Secretary of State

Washington Secretary of State Kim Wyman (left) speaks Monday with Skagit County Auditor Sandy Perkins (center) and students Jaylin Talmodge (top right) and Alexa Grechishkin at Mount Vernon High School.

MOUNT VERNON — Though far from lacking in opinions on the topic, Washington Secretary of State Kim Wyman was just a member of the audience Monday as four students from Mount Vernon High School’s debate team debated the legal voting age.

The debate was held in the school’s library, with students presenting the pros and cons of whether 16- and 17-year-olds should be allowed to vote.

“Students are left without a voice,” said sophomore Emily Ney, who argued that the youths should be allowed to vote. “Now is the time to pass the torch of democracy to our youth.”

Ney and her teammate, junior Alexa Grechishkin, argued that dropping the voting age would pressure schools to offer more and better civics classes.

They argued that because habits form in the teenage years, those allowed to vote at 16 would as they got older be more likely to do so in future elections and participate in government.

The last time the voting age was lowered was in 1971, thanks to a Constitutional amendment. Then, the girls said, it was in response to inequities presented by young men being required to file for the draft but not allowed to vote.

With issues such as climate change and gun violence in the national spotlight, youth should have a say in their government, which is part of the reason Austria lowered its voting age to 16, Grechishkin said.

“It’s clear the youth have a stake in these issues,” she said.

Juniors Jaylin Talmodge and Ausha Curry disagreed, saying that lowering the voting age to 16 would only expand the inequities already inherent in the American voting system.

“(Youths) don’t need a voice when we have adults out there who don’t have a voice in government,” argued Curry, the team captain. “The voting system is unequal, which means we shouldn’t expand it.”

Instead, the girls said, they would like to focus on fixing the system already in place, including through pre-registration and mandatory voting. If everyone is expected to vote, no one will be left out, Talmodge said.

“You do not have to fit into a box,” she said.

Monday’s debate was put on in conjunction with Wyman’s visit, who was in Skagit County at the invitation of the League of Women Voters of Skagit County.
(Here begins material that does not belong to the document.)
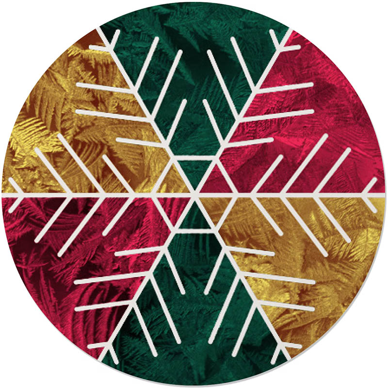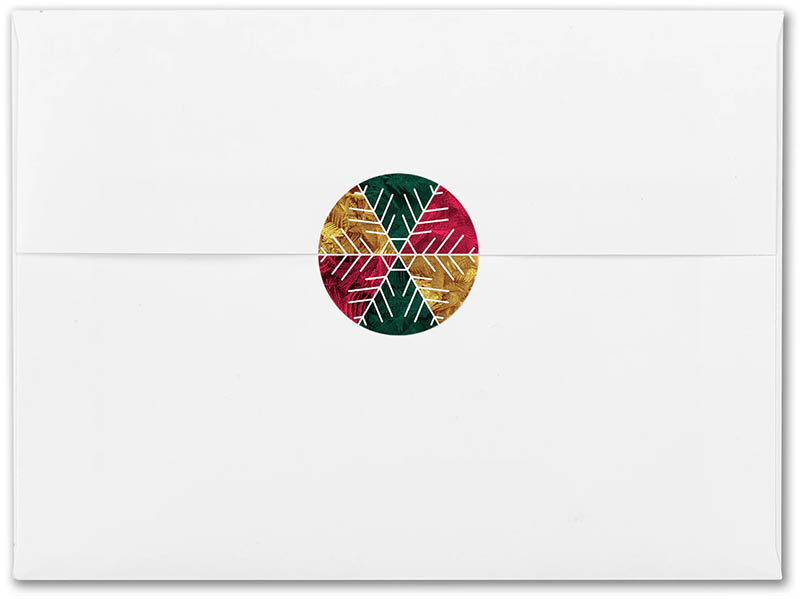 A geometric snowflake pops against a festive red, green, and gold background to ensure your holiday correspondence gets noticed! These round, self-adhesive seals are the perfect finishing touch for all your holiday correspondence.

Her first debate, she told the students, was in 2016, despite having filed for office several times before that.

“These are great life skills to make them critical thinkers, which is important,” Wyman said after the debate. “You can tell these students are going to go places.”

While she has spent 25 years trying to get young people to vote, Wyman said she was not a proponent of lowering voting age to 16, even if it was in her power to do so.

“I think there’s merit and it means something when you have to wait for it,” she said. “It’s a rite of passage.”

Still, she said, the students did a great job presenting their arguments.

The students were happy to have the opportunity to debate in front of Wyman, they said.

“It makes us feel like our voices are valued, even though we don’t have a vote,” said Curry.

Presenting in front of Wyman and other community members, including school board members, Skagit County Auditor Sandy Perkins, Mount Vernon Mayor Jill Boudreau, and Councilwoman Iris Carias will make them better public speakers, they said.

“It’s a skill I can take out of the debate chamber and into the real world,” Grechishkin said.